Federal Court Decisions

Decision Information

Decision Content

Date: 20211209


Docket: IMM-3609-21

Citation: 2021 FC 1392

Vancouver, British Columbia, December 9, 2021

PRESENT: Mr. Justice Diner

BETWEEN:

HELEN XIOMARA HERNANDEZ CORTEZ

Applicant

and

MINISTER OF CITIZENSHIP AND IMMIGRATION

Respondent

JUDGMENT AND REASONS

I. Overview

[1] This case concerns an application for judicial review, made pursuant to section 72 of the Immigration and Refugee Protection Act, SC 2001, c 27 [IRPA], of a decision (the Decision) of the Refugee Appeal Division (the RAD or the member), dated May 11, 2021. In the Decision, the RAD rejected the Applicant’s appeal of the Refugee Protection Division’s (RPD) decision, dated November 29, 2019, which itself rejected the claim for refugee protection on the basis that there was a viable internal flight alternative in Guatemala.

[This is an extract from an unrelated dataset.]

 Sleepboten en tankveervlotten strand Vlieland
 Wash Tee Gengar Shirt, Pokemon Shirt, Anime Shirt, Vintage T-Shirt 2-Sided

[2] For the reasons that follow, I find the Decision unreasonable and would grant the application and remit the matter to a new panel of the RAD for redetermination.

II. Background

[3] Helen Cortez (the Applicant), a citizen of Guatemala, applied for refugee protection in Canada after having been subjected to extortion, intimidation, and threats of violence and death by two unknown individuals who demanded she provide information about wealthy clients at the bank where she worked in Pedro de Alvarado in December of 2016.

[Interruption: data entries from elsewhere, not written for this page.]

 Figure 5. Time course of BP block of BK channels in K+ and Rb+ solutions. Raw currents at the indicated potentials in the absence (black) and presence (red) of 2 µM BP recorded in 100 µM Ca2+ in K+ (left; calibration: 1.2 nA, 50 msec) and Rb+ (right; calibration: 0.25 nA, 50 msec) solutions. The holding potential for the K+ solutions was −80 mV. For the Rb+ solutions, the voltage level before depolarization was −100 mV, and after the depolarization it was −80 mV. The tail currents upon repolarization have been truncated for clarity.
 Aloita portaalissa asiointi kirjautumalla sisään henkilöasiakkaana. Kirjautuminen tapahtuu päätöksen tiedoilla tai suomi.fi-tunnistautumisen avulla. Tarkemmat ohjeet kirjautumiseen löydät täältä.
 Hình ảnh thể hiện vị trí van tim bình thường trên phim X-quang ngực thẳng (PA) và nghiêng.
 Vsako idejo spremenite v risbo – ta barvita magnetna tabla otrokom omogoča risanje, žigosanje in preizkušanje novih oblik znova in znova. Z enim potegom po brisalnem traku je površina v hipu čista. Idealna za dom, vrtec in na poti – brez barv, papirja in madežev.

[4] After she refused and reported the demands to her manager at the bank, she continued to receive calls, informing her that they knew where she lived, that they were tracking her movements, and that they would kill her if she failed to comply with their demands.

[5] The Applicant complained to the police and the public prosecutor, who informed her they could not investigate the complaint without more evidence.

[6] The Applicant began to notice that men in a black pickup truck were following her home at lunch and after work. One night in January of 2017, the truck attempted to block her from crossing the street as she left work. She recognized the men from the days before. She drove her motorcycle home and lost sight of the truck. Late that night, men approached her home and demanded she open the door. She and her mother were able to scare them off with their cries for help. Helen’s mother collapsed that night and was brought to the hospital, where she died two months later on March 31, 2017.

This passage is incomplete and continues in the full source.